Am Ende verliert sich der Film von Christoph Hochhäusler zwischen zwei bis drei Themen, und er verliert sich auch zwischen mehreren Kino-Ideen; er ist von allem etwas und nichts richtig, ist nicht Fisch, nicht Fleisch.
Das Melodram stört den Krimi. Genauso wie die Krimihandlung die großen Gefühle. Das Beste an diesem Film sind die atmosphärisch starken Bilder von Kameramann Reinhold Vorschneider.
Der Rest ist Enttäuschung. Und dies liegt vielleicht genau daran, dass dieser Regisseur zu viel will, dass er sich nicht diszipliniert. Seine Filme geben etwas, sie sind schon gut, aber es fehlt etwas, es fehlt teilweise sogar eine ganze Menge. Das ist das Traurige.

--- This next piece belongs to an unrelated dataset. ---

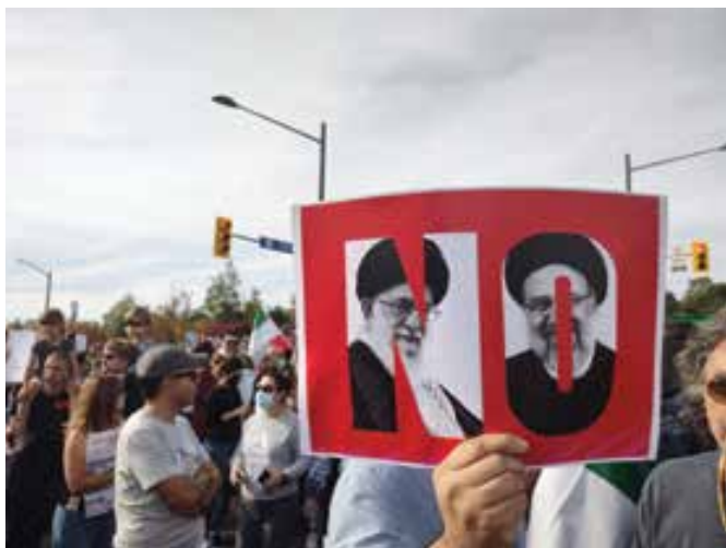
تظاهرات ۵۰ هزار نفری ایرانیان در تورنتو، اول اکتبر ۲۰۲۲

من هر کلمه از این شعار «زن، زندگی، آزادی» را با عمق جان می‌فهمم. این سه مورد، اصول و پایه زندگی هستند. این حق زن است که از زندگی آزادانه برخوردار باشد. زیرا گذاشتن این حق طبیعی، ظلم است و شرم‌آور است. نادیده رفتن این حق، سومی است که خلاف نحوه تولد آبدانه ماست، زیرا هرکسی آزاد به دنیا می‌آید، تا زمانی که پای قوانین اجباری مردسالارانه به میدان می‌آید. در واقع زنان فقط برای به دست آوردن چیزی که با آن به دنیا آمده‌اند، در حال نبرد هستند و آن زندگی آزادانه، بدون هراس و محکومیت تحمیل شده توسط رژیم است.

Da sind Kleinigkeiten wie die Stofftiere, die eine Figur charakterisieren. Lippenstiftnachrichten auf dem Spiegel – hundertmal gesehen, aber immer nur im Film. Wichtige Szenen wie der Sex der beiden Hauptfiguren, der mit einem hochgekurbelten Autofenster zwischen ihnen (nicht) stattfindet und mit einem Spermaspritzer auf dem Fenster endet, wäre eine peinliche Szene, wenn sie nicht einfach nur lächerlich wäre, in der Verdruckstheit und dem Unvermögen zur Erotik, das in Momenten wie diesen offenkundig wird.
Bis ans Ende der Nacht überzeugt leider nicht einmal mit den Basics des Genres: Der Drogenbaron ist ein sensibler Hipster, der eher wie ein Frankfurter Werbefuzzi wirkt, dem aber jeder Anhauch von Brutalität und Bedrohlichkeit fehlt, der sich nicht nur technisch, sondern auch kriminell amateurhaft verhält.

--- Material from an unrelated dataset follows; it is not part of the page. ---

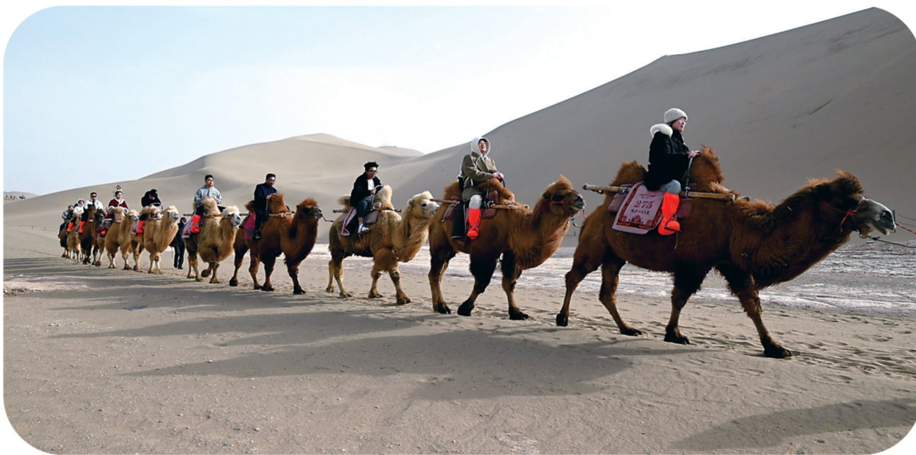
近日，游客在甘肃省敦煌市鸣沙山月牙泉景区游览。在冬季旅游优惠活动结束后，甘肃省敦煌市延续部分景区门票优惠政策，从3月1日至3月31日，鸣沙山月牙泉、玉门关遗址、敦煌雅丹世界地质公园三大景区推出门票半价优惠政策，吸引游客来这里欣赏大漠风光、体验丝路风情。

Hätte Hochhäusler einmal in einem Film seine zu großen Ambitionen beschränkt und sich damit begnügt, einen wirklich guten Krimi zu schreiben und glaubwürdig zu inszenieren, hätte er mehr fürs Ansehen des deutschen Kinos und seine eigene Karriere getan als mit diesem frustrierenden Film, der vieles will, für den aber die Macher definitiv nicht die Voraussetzungen haben.